Regions with significant populations
- • India

Languages
- Hindi, Bhojpuri

Religion
- • Hinduism

Related ethnic groups
- • Kewat • Bind • Beldar

= Nishad =

Hindu caste

The Nishad are a Hindu caste, found in the Indian states of Bihar and Uttar Pradesh.

In Bihar, the term refers to a group of around 20 communities whose traditional occupations centre on rivers, such as the Mallaah. There have been demands for these communities to be reclassified from Other Backwards Classes (OBC) to Scheduled Tribes.

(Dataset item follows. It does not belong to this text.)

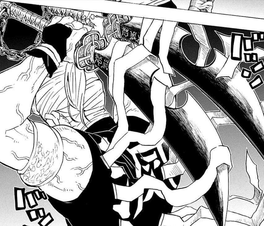 宇髄天元的日轮刀,是两把锁链相互连接的双刀,刀柄为赤色,刀锷为金色,刀身粗短并有缺口。

In Uttar Pradesh, the term "Nishad" represents 17 OBC communities that have been proposed for Scheduled Caste status by the Samajwadi Party-controlled Government of Uttar Pradesh. However, this proposal, which relates to votebank politics and has been made in the past, has been stayed by the courts; a prior attempt was also rejected by the Government of India.

==Formation of Nishad identity==
Nishads, according to Badri Narayan is a term denoting various communities whose traditional occupations has remained water-centric including sand dredging, Boating and Fishing. Since 1930s various caste organisation claiming to represent these communities started holding conferences with the central aim of uniting all these communities under the umbrella term "Nishad". Earlier these communities were classified as "Most Backward Caste", but in socio-economic status they were more close to Scheduled Castes. The organisation like Rashtriya Nishad Sangh,Shri ramasakha guhraj nishad seva samiti dholpur (Raj.), Nishad Kalyan Sabha, Maharaja Nishadraj Guhya Smarak Samiti were some of the organisation based in Uttar Pradesh which are hosting numerous Ekta Rally (unity conferences) to unify these caste groups.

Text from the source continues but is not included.